The domestic unit opened weaker at 60.60 from Thursday's close of 60.44 per dollar due to lower domestic equity market and demand for dollars.

“There was short covering by a few banks which bought dollars. Also, market players anticipated a positive US jobs data which will be announced later on Friday. Both these weighed heavily on the rupee,” said Mohan Shenoi, President – Group Treasury, Kotak Mahindra Bank.

The Indian currency touched an intra-day low of 61.19 per dollar, closer to its earlier historic low of 61.21 on July 8. The rupee depreciated 3.4 per cent this week.

An unchanged interest rate by RBI and weak growth outlook amid widening current account deficit concerns are putting pressure on the Indian currency.

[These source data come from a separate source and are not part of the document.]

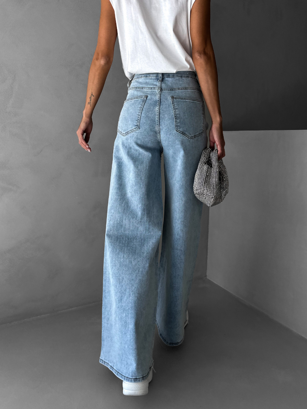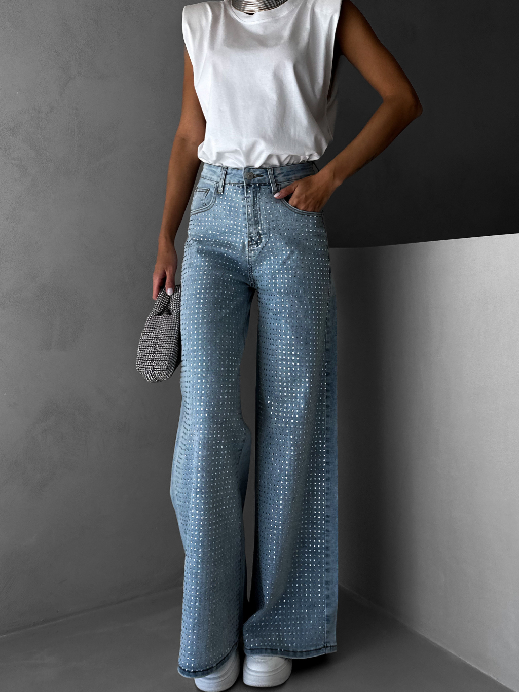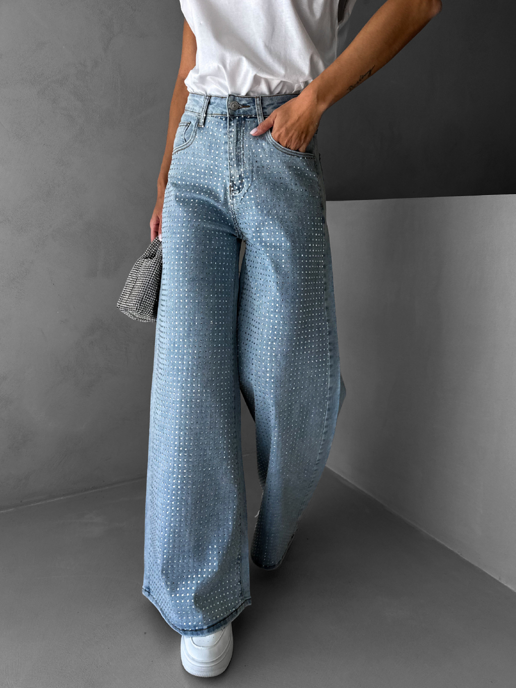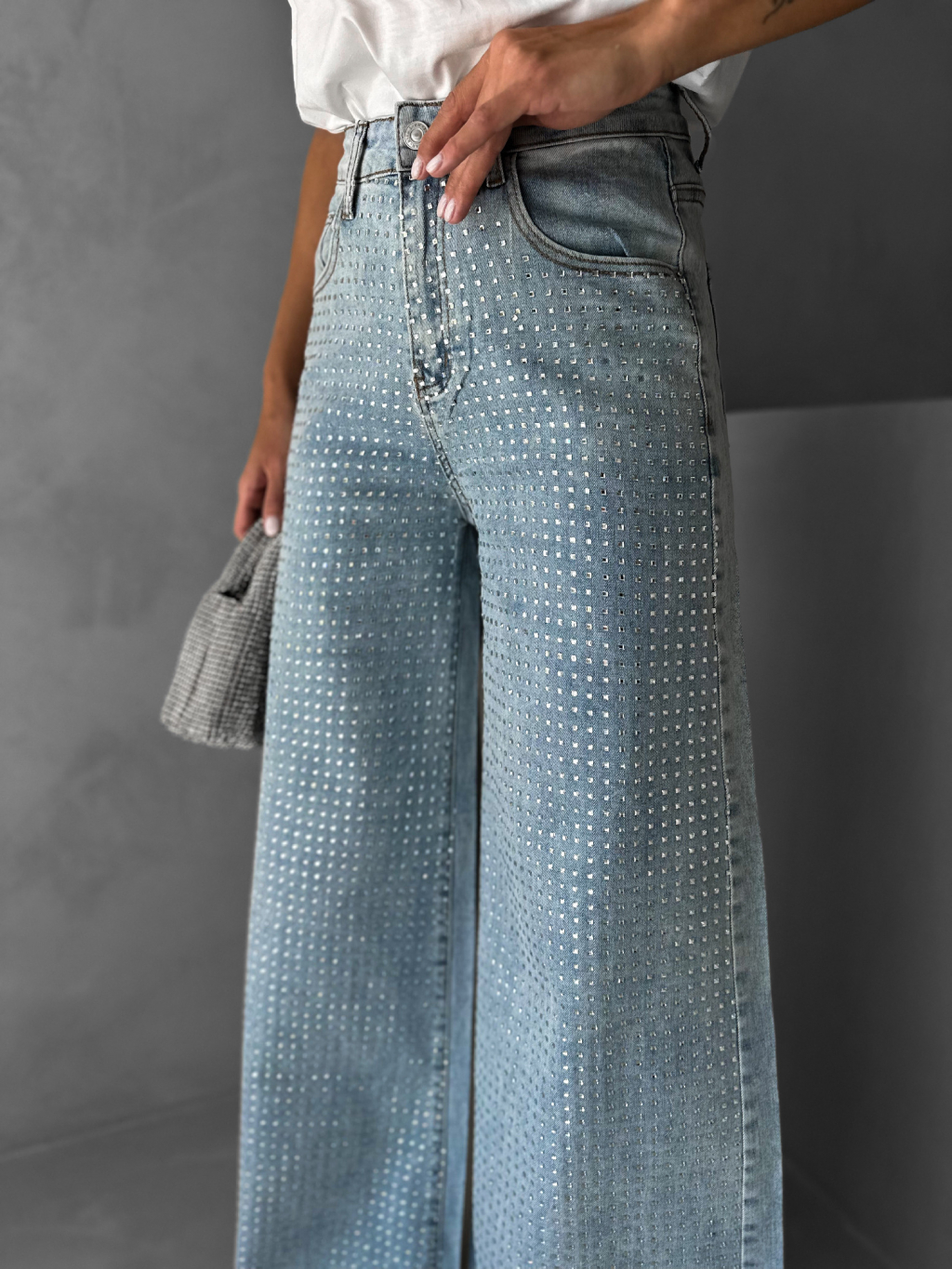 Svetlé trblietavé wide leg široké džínsy EGEMEN s kamienkami
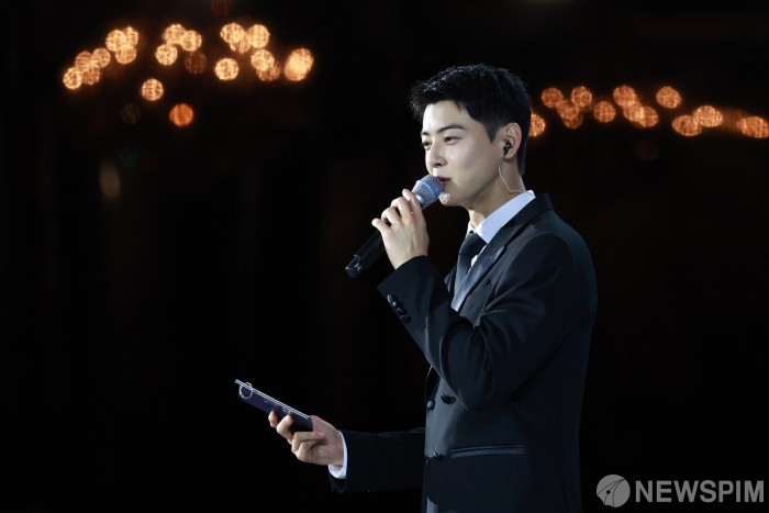 [서울=뉴스핌] 군 복무중인 배우 차은우가 31일 경북 경주의 한 호텔에서 열린 APEC 정상회의 환영 만찬에서 사회를 보고 있다. [사진=APEC 2025 KOREA & 연합뉴스] 2025.10.31 photo@newspim.com
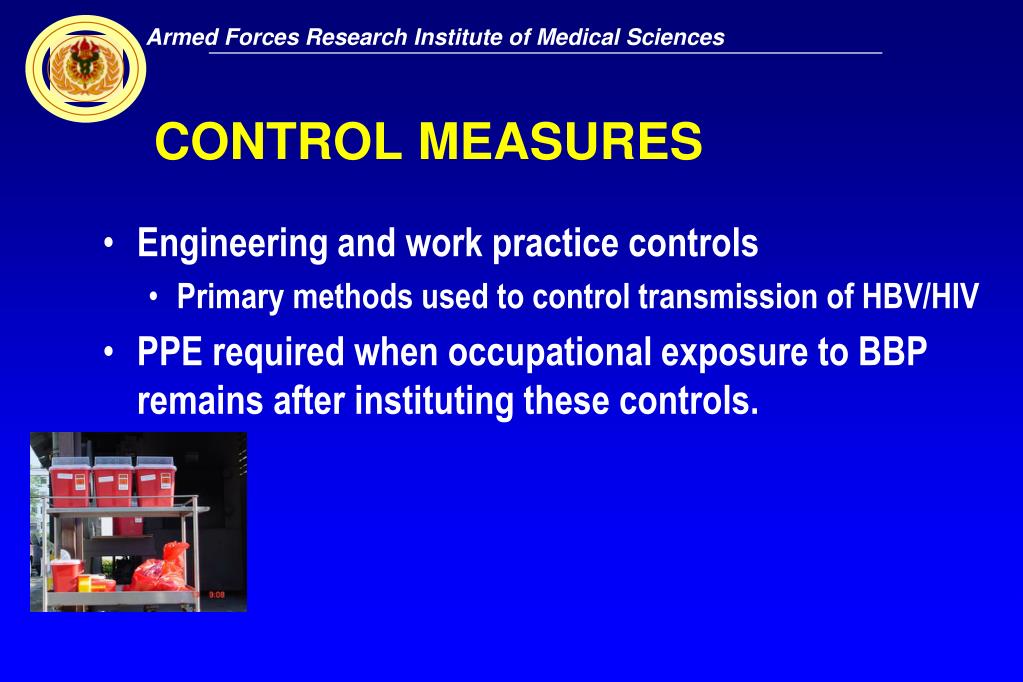 CONTROL MEASURES • Engineering and work practice controls • Primary methods used to control transmission of HBV/HIV • PPE required when occupational exposure to BBP remains after instituting these controls.
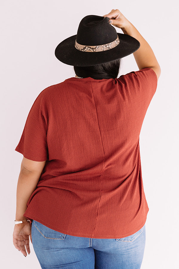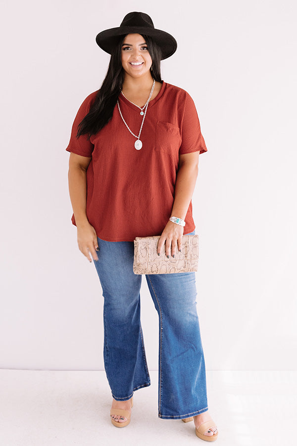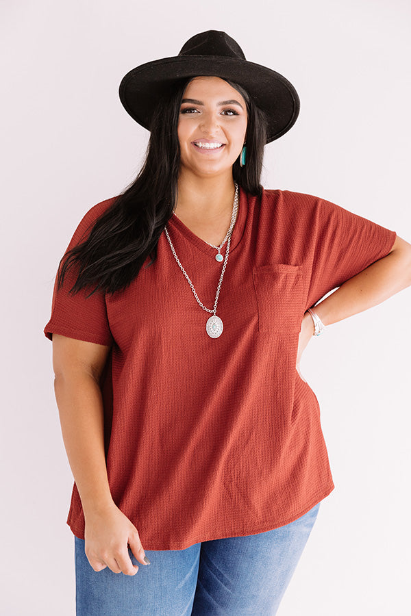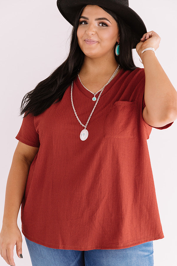 Plus Size - May all your wishes come true in this casual cute dark rust colored shift top featuring soft lightweight material with subtle waffle knit texturing, a v-cut neckline, short loose sleeves, a single accent chest pocket, and a relaxed silhouette that falls into a rounded hemline! Measurements

Further, the RBI Governor maintained that the roll back in the liquidity tightening measures announced last week will be in a calibrated manner after the rupee volatility stabilises.

According to Shenoi, the rupee has stopped moving on sentiments and the market players are looking towards government measures to translate into steady capital inflows.

India Forex Advisors, CEO, Abhishek Goenka says the rupee is likely to moderate towards 57 levels in the short term but headed for a bigger fall going forward.

Call rates, bond yields

The inter-bank call money rates, the rates at which banks borrow short-term funds from each other, closed flat from its previous close of 7.50 per cent.

The benchmark 7.16 per cent government security, which matures in 2023, sharply dropped to close at Rs 92.55 from a close of Rs 93.93 on Thursday. Yields on the security hardened to 8.28 per cent from Thursday’s close of 8.06 per cent.

Bond prices and its yields move in the opposite direction.